As machine learning has moved towards leveraging large models as priors for downstream tasks, the community has debated the right form of prior for solving reinforcement learning (RL) problems. If one were to try to prefetch as much computation as possible, they would attempt to learn a prior over the policies for some yet-to-be-determined reward function. Recent work (forward-backward (FB) representation learning) has tried this, arguing that an unsupervised representation learning procedure can enable optimal control over arbitrary rewards without further fine-tuning. However, FB’s training objective and learning behavior remain mysterious. In this paper, we demystify FB by clarifying when such representations can exist, what its objective optimizes, and how it converges in practice. We draw connections with rank matching, fitted Q-evaluation, and contraction mapping. Our analysis suggests a simplified unsupervised pre-training method for RL that, instead of enabling optimal control, performs one step of policy improvement. We call our proposed method $\textbf{one-step forward-backward representation learning (one-step FB)}$. Experiments in didactic settings, as well as in $10$ state-based and image-based continuous control domains, demonstrate that one-step FB converges to errors $10^5$ smaller and improves zero-shot performance by $+24%$ on average. Our project website is available at https://chongyi-zheng.github.io/onestep-fb.

💡 Research Summary

This paper critically examines the promise of Forward‑Backward (FB) representation learning, a recent unsupervised pre‑training method that claims a single pair of learned representations can be combined with any downstream reward to recover the optimal policy without further fine‑tuning. The authors first ask whether the “ground‑truth” FB representations assumed by prior work can even exist. By analyzing the successor measure Mπ—a matrix that encodes discounted state‑action visitation probabilities—they show that Mπ is full‑rank for discrete controlled Markov processes. Consequently, any representation that exactly factorizes Mπ must have a dimensionality d at least as large as the total number of state‑action pairs |S×A|. For continuous or large‑scale problems where |S×A| is effectively infinite, a finite‑dimensional representation cannot capture the true successor measure, invalidating the core assumption of FB.

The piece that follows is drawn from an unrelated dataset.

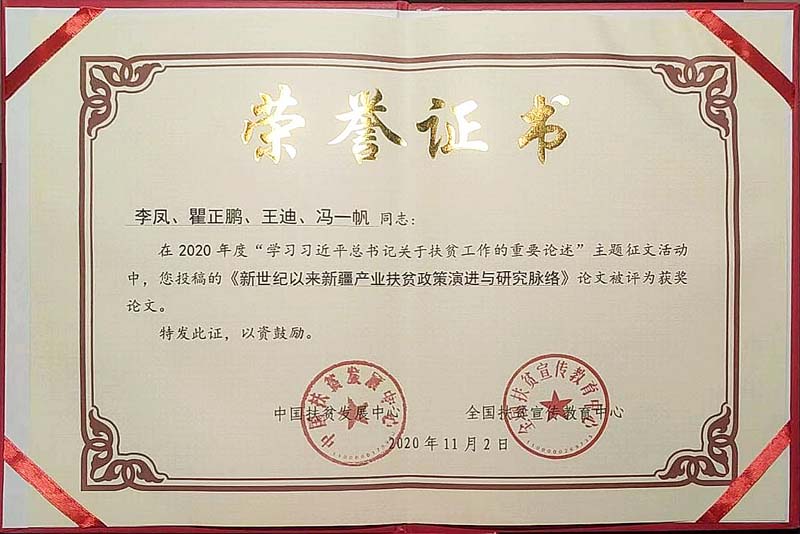 近日,工商管理学院李凤博士等撰写《新世纪以来新疆产业扶贫政策演进与研究脉络》一文,在2020年度“学习习近平总书记关于扶贫工作的重要论述”主题征文活动中评为获奖论文。
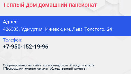 Теплый дом, домашний пансионат по адресу 426035, Удмуртия, Ижевск, им. Льва Толстого, 24 в дальнейшем Организация, размещена в следующих категориях:

Next, the paper re‑derives the FB training objective using the Least‑Squares Importance Fitting (LSIF) framework. LSIF treats density‑ratio estimation as a regression problem; FB chooses the ratio function g(s,a,z,s′,a′)=F(s,a,z)⊤B(s′,a′) and fits it to the ratio Mπ(s′,a′|s,a,z)/ρ(s′,a′). This yields a Monte‑Carlo loss L_MC_FB that can be rewritten as a temporal‑difference (TD) loss L_TD_FB by substituting the Bellman recursion for Mπ and introducing target networks. The resulting TD loss is mathematically equivalent to the original FB objective up to a constant scaling factor. Importantly, this loss is identical in spirit to the objective of Fitted Q‑Evaluation (FQE), except that FB estimates the successor‑measure ratio rather than Q‑values directly.

The authors then expose a fundamental difficulty: the policy π, the forward representation F, and the backward representation B are mutually dependent. Because the Bellman operator defined by the TD loss does not enjoy a contraction property when the policy itself is a function of F, convergence is not guaranteed. They prove that for representation dimensions d < |S×A|, FB can incur arbitrarily large errors on the optimal Q‑value for some reward functions, contradicting earlier claims of bounded error. They also demonstrate an invariance property: ground‑truth forward representations must be unchanged under positive affine transformations of the latent variable, providing a practical test for whether learned representations have converged to the true ones.

Motivated by these insights, the paper proposes a simplified method called one‑step Forward‑Backward representation learning (one‑step FB). The key idea is to break the circular dependency by fixing a behavioral policy πβ (e.g., a dataset‑collecting policy) during pre‑training. The algorithm first estimates the successor measure Mπβ from offline data, then learns F and B by minimizing the LSIF‑based loss with respect to this fixed Mπβ and a reference measure ρ. When a new reward r is presented, the method computes a latent vector z_r = E_{ρ}